È importante anche ricordare, così come ho fatto prima, il tema dei Piani urbani integrati. Non voglio, qui, aprire polemiche, confronti, c'è un dibattito singolare in Italia: tutti gli attuatori, tutti i protagonisti hanno tutti le carte in regola, tutti quando vengono chiamati in causa dicono che va tutto bene e che sono in grado di spendere tutto, poi, dopo, c'è una contraddizione, che è quella, quando andiamo a verificare la fase di attuazione e di avanzamento della spesa, di non ritrovare, rispetto a tutte queste rassicurazioni, un confronto coerente che indichi dei numeri che accompagnino esattamente questo dato.

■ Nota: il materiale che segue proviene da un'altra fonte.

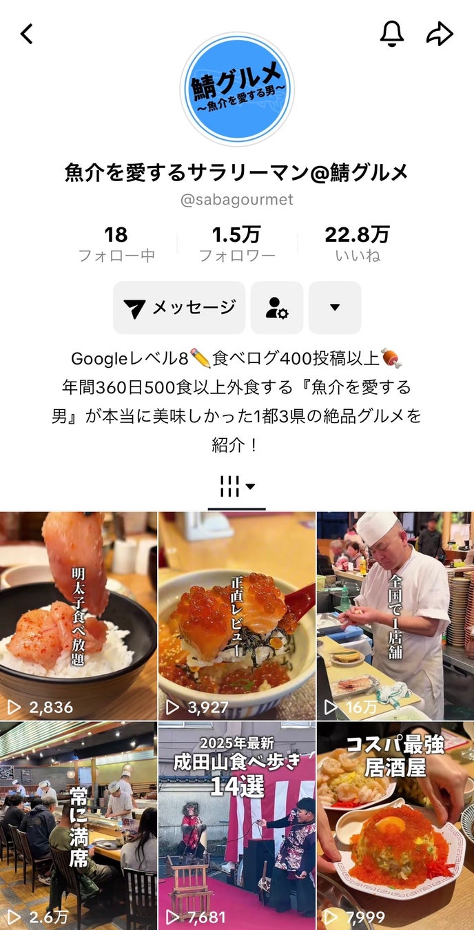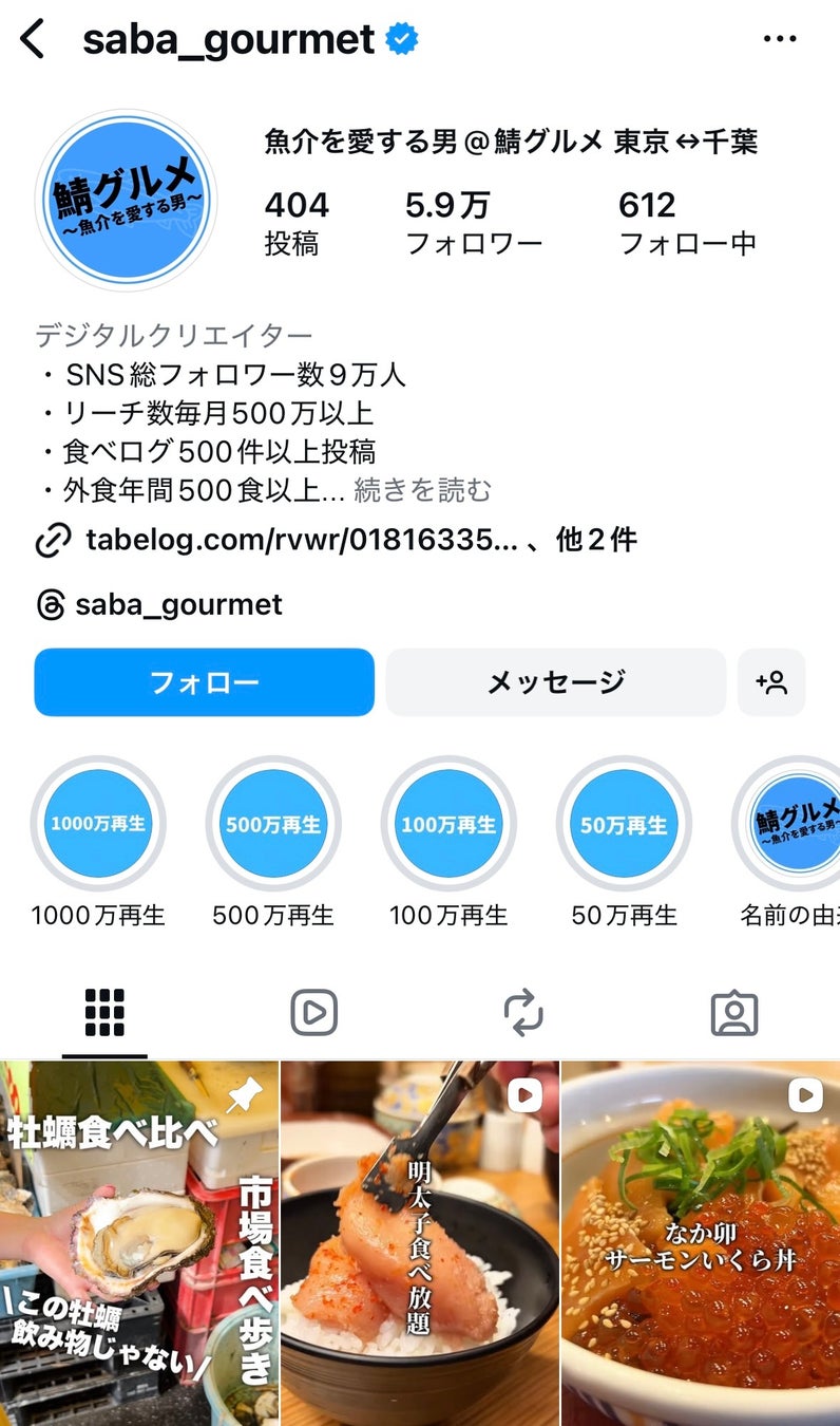 その様子を「鯖さん」が発信しているInstagramやTikTokアカウント「魚介を愛する男@鯖グルメ」において投稿しています。

Lo voglio dire, perché quando ho fatto il riferimento, non ne farò altri, ai Piani urbani integrati, anche qui, noi verificheremo quale sarà lo stato d'avanzamento dei Piani urbani integrati, non c'è nessuno che immagina di definanziare il Piano urbano integrato di questo o quel comune; non c'è nessuno che immagina di definanziare il tema relativo alla rigenerazione urbana; anche qui, si tratta di progetti in essere, progetti del 2020. Siamo convinti che la fase di avanzamento di questi progetti sia compatibile con le date di scadenza previste dal PNRR e con i criteri previsti all'interno del Piano nazionale di ripresa e resilienza? Io temo di no. Ma sarei molto soddisfatto se nel confronto dei prossimi giorni con la Commissione europea questo venisse messo per iscritto, in modo che tutti fossimo tranquilli rispetto a quello che accadrà dopo e verificassimo, nel merito delle questioni, che non ci sono dei rischi, che sono quelli che abbiamo corso rispetto all'esempio che ho fatto precedentemente, quello, di scuola, dello stadio di Firenze e dello stadio di Venezia, così come il tema degli asili e così come tutte le numerose questioni relative alla terza e alla quarta rata, per le quali, per la quarta rata, troverete all'interno del documento inviato in Parlamento un dettaglio, mentre per la terza rata con un'informativa, alla ripresa, in Parlamento, indicheremo in modo puntiglioso e specifico tutti gli obiettivi che sono stati modificati e raggiunti per creare le condizioni per avere la terza rata e avere l'approvazione da parte della Commissione europea.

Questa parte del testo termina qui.